Ethics related to AI – updated CIPP/E exam
The IAPP – International Association of Privacy Professionals has launched the CIPP/E and #CIPT beta versions, at a 50% discount
This #cippe beta exam will also be testing updated content on Ethics related to AI
One document that is worth reading is ‘Ethics guidelines for trustworthy AI’ (High-Level Expert Group on AI, EU Commission, 2019)
Below you’ll find a summary of this document
ETHICS IN ARTIFICIAL INTELLIGENCE[1]
AI has the potential to significantly transform society and it is a means to increase human flourishing. AI systems (AIS) need to be human-centric, and developers should seek to maximise the benefits of AI solutions while preventing and minimising their risks
Trustworthy AI
Trustworthiness is a prerequisite for people and societies to develop, deploy and use AIS.
Trustworthy AI has three components: lawful, ethical and robust AI
– Lawful AI: AI must comply with all applicable laws and regulations. In the EU it means complying with EU primary law (TEU, TFEU, CFR) secondary law (GDPR, Product Liability Directive, etc), human rights conventions (ECHR), and EU MS laws.

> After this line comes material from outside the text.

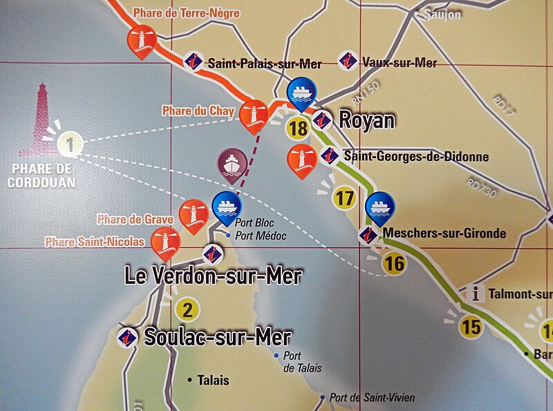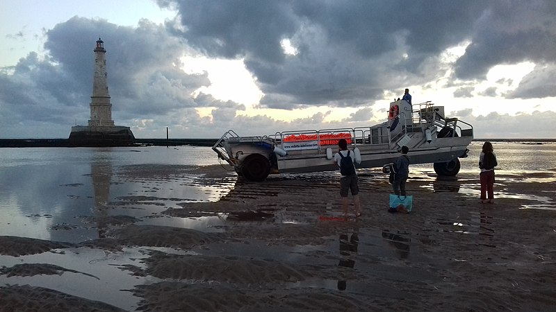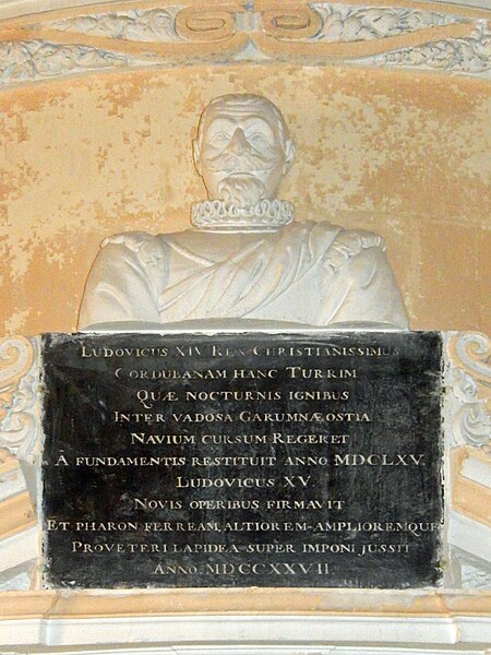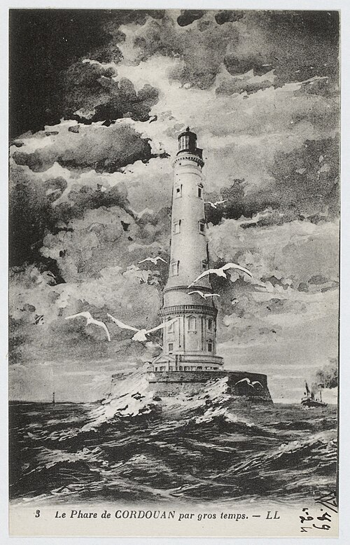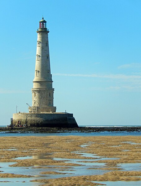 Le phare de Cordouan se dresse sur le plateau de Cordouan, à sept kilomètres en mer, à l'entrée de l'estuaire de la Gironde, à la limite entre l'océan Atlantique et les côtes de la Charente‑Maritime et de la Gironde. Il balise l'accès aux deux passes de l'estuaire et sécurise la navigation dans cette zone. Des moines y allumaient un feu dès la fin du XIe siècle, et une tour attribuée au « Prince Noir » est attestée au XIVe siècle. Le phare actuel a été commandé par le maréchal de Matignon et confié à l'architecte Louis de Foix ; les travaux, commencés en 1584, se sont achevés en 1611 sous la conduite de ses successeurs. De 1606 à 1611 fut édifié un soubassement abritant logements et dépendances pour les gardiens et les ouvriers. L'édifice conserve un portail à colonnes doriques orné des figures de la Victoire et de Mars donnant sur un vaste vestibule, puis un escalier à vis logé dans une tourelle ronde. Le premier étage abrite l'"appartement du roi", décoré d'un ordre corinthien et ouvert sur une galerie extérieure ; le second étage contient une chapelle de plan circulaire, ornée de pilastres à chapiteaux corinthiens et coiffée d'une coupole. Au XVIIIe siècle la tour fut surélevée par Joseph Teulère, qui conserva les deux premiers niveaux et éleva une superstructure sobre de style Louis XVI jusqu'à porter le feu à 60 m au‑dessus des hautes mers. L'optique et l'éclairage ont connu plusieurs évolutions : lanterne de fer avec réchaud au charbon en 1727, réflecteurs paraboliques en 1782, premier appareil lenticulaire de Fresnel expérimenté en 1823, puis électrification du site en 1948. Le phare a été modernisé à plusieurs reprises au XXe siècle (groupes électrogènes, renouvellement des lampes) et automatisé en 2006 ; l'ensemble des équipements de signalisation a été rénové et l'ampoule actuelle est une halogénure métallique de 250 W. Pour protéger le socle contre la houle, une cuirasse de béton armé a été construite en 2005 autour du bouclier sud‑ouest, puis de lourants travaux de restauration ont été menés entre 2013 et 2022 pour un montant total d'environ dix millions d'euros. Propriété de l'État, le phare est administré par la direction interrégionale de la mer Sud‑Atlantique et, depuis 2010, la valorisation touristique et le gardiennage sont confiés au syndicat mixte SMIDDEST en collaboration avec l'association pour la sauvegarde du phare de Cordouan. En 2009 est apparue à proximité une formation battue par la mer dite « Île sans nom ». Inscrit sur la liste du patrimoine mondial de l'UNESCO en juillet 2021, Cordouan est le plus ancien phare de France encore en activité et l'un des plus hauts : tour blanche en pierre de Saintonge de 68 mètres, diamètre de base d'environ 16 mètres. Le feu se situe à 60 mètres de hauteur et porte à 22 milles en secteur blanc et à 18 milles pour les secteurs rouge et vert ; il fonctionne en occultations et comporte des secteurs colorés adaptés à la navigation. La tour comporte six niveaux aménagés : vestibule et logement des gardiens au rez‑de‑chaussée, l'appartement dit « du Roi », la chapelle — unique chapelle consacrée dans un phare — la « salle des Girondins », la salle des contrepoids, la salle des lampes, la chambre de quart et enfin la lanterne ; un escalier de 301 marches permet d'atteindre le sommet (huit marches supplémentaires mènent à la lanterne et ne sont pas accessibles au public). L'accès au phare s'effectue essentiellement à marée descendante par une poterne et une chaussée qui se découvre à mi‑marée ; les visiteurs sont transférés depuis leur embarcation vers de petits canots à fond plat puis accueillis dans la cour intérieure. Entré en service en 1611, Cordouan a accueilli des générations de gardiens ; après l'automatisation, le gardiennage a perduré jusqu'en 2012 sous gestion d'État puis est assuré par le SMIDDEST, qui maintient une présence pour l'entretien et l'accueil touristique. Le monument reçoit des visiteurs chaque année (environ 24 000 en 2020), mais seules une trentaine de personnes peuvent se trouver simultanément dans les parties supérieures.

– Ethical AI: AI must ensure adherence to ethical principles and values.
– Robust AI: AIS must contain safeguards to prevent any unintended adverse effects or harms. This applies both from a technical perspective (ensuring the system’s technical robustness as appropriate in a given context, such as the application domain or life cycle phase) and from a social perspective (considering the context and environment in which the system operates)
1.- Foundations of Trustworthy AI
AI ethics focuses on the ethical issues raised by the development and deployment of AI. It tries to identify how AI can advance or raise concerns to the good life of individuals, whether in terms of quality of life, or human autonomy and freedom necessary for a democratic society.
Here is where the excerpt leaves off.